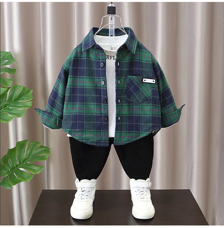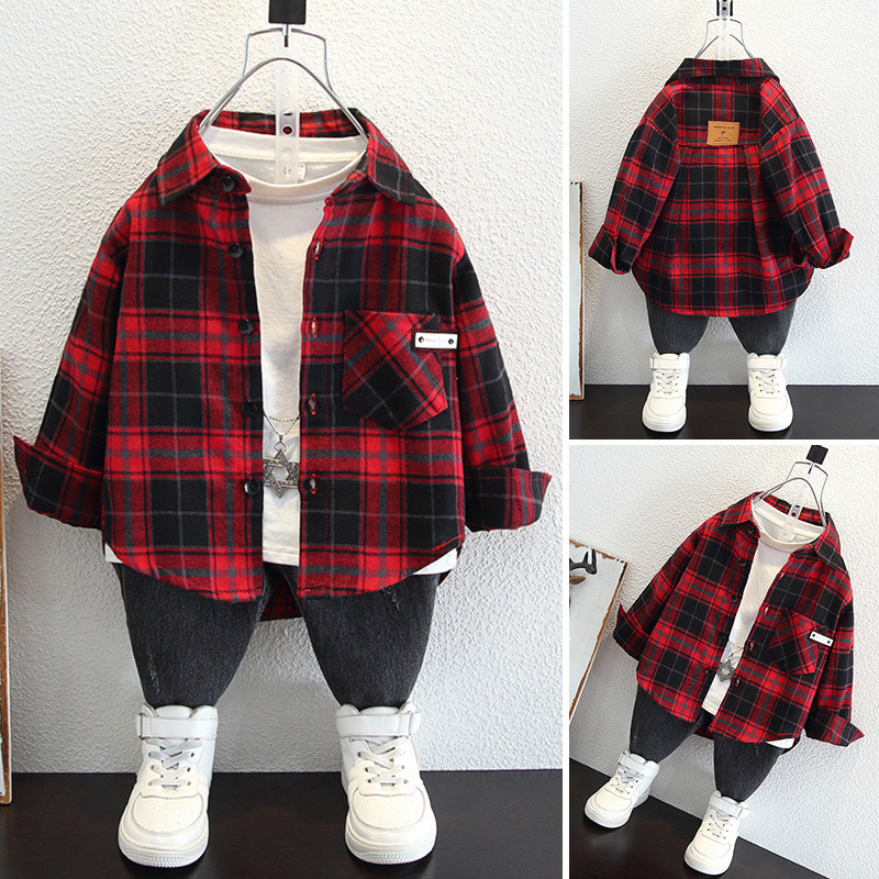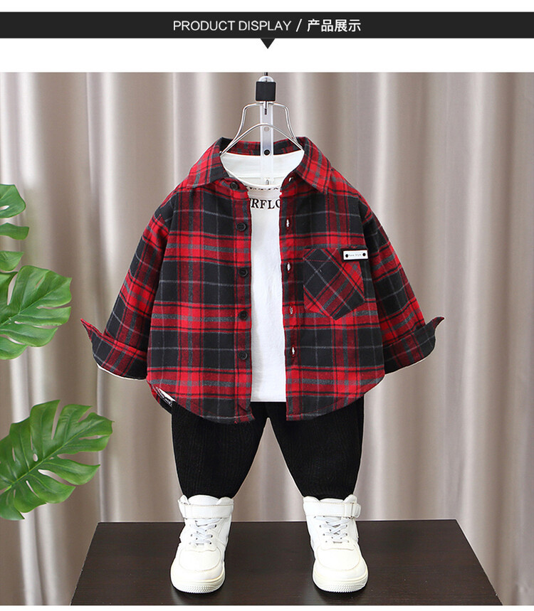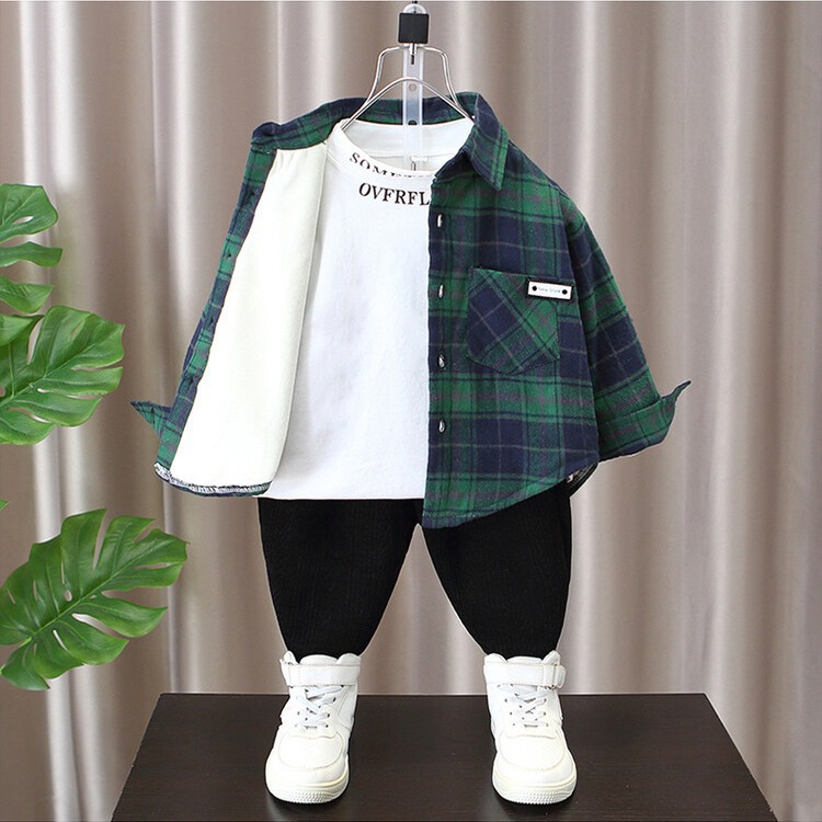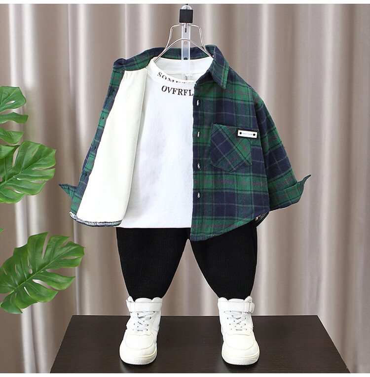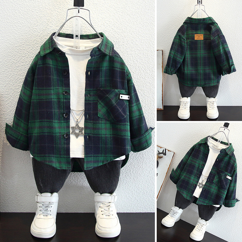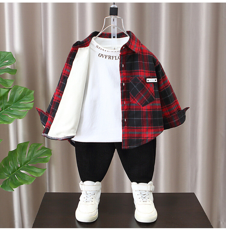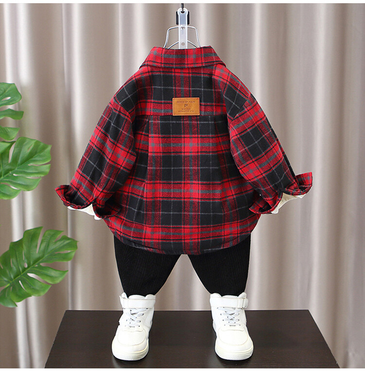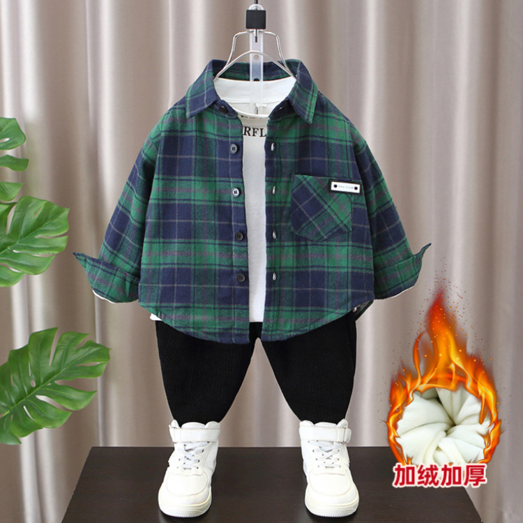 Детская рубашка в клетку с флисовой подкладкой, новая модель осень-зима 2025 года, утолщенная, модная, с мягкой подкладкой.
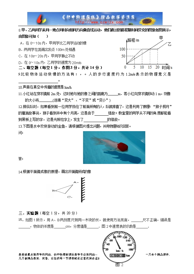 - 1664宁夏中宁二中2015-2016学年八年级上学期期中考试物理试卷(新课标北师大版2015年11月,无答案)
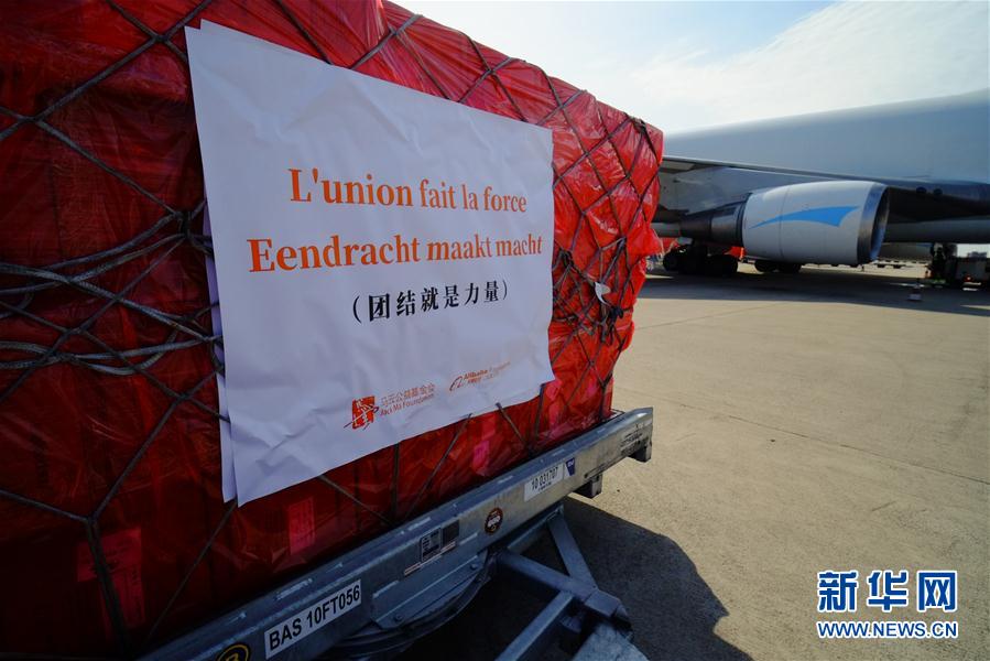 來自中國的30萬只口罩當(dāng)?shù)貢r間16日中午運抵比利時列日機場。 新華社記者 張鋮 攝
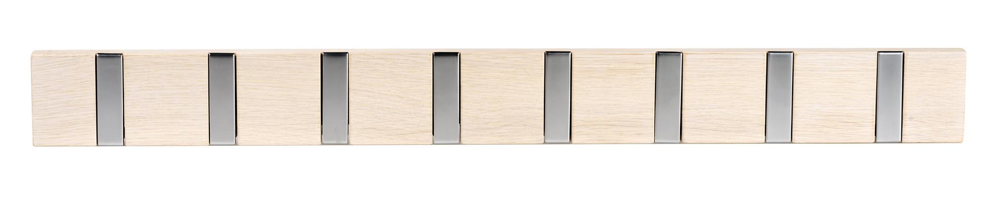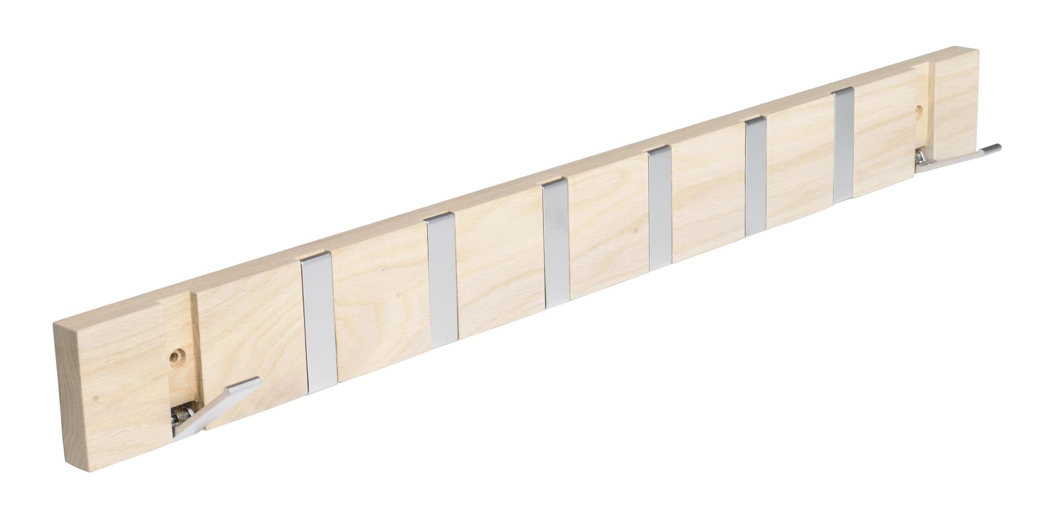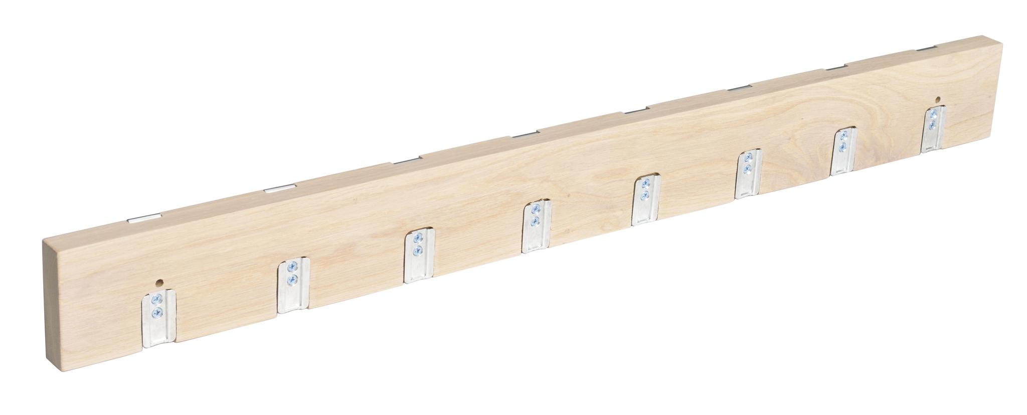 • Krokbräda i ljust trä med 8 vita metallkrokar monterade på rad
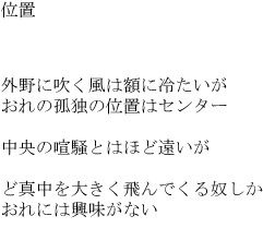 The wind in the outfield is cold on my cheeks andI am a centerfielder, all alone
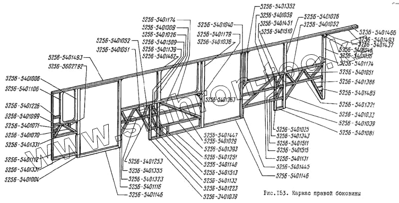 Каталог запасных частей к технике: ЛиАЗ 5256. Каркас правой боковины
* * * * * * * * *
Give back, word for word, the lines from the one containing "- 1664宁夏中宁二中20" through the last line of the listing above; include both ends and exclude the pictures.

EXERCISE RESULT:
 - 1664宁夏中宁二中2015-2016学年八年级上学期期中考试物理试卷(新课标北师大版2015年11月,无答案)
 來自中國的30萬只口罩當(dāng)?shù)貢r間16日中午運抵比利時列日機場。 新華社記者 張鋮 攝
 • Krokbräda i ljust trä med 8 vita metallkrokar monterade på rad
 The wind in the outfield is cold on my cheeks andI am a centerfielder, all alone
 Каталог запасных частей к технике: ЛиАЗ 5256. Каркас правой боковины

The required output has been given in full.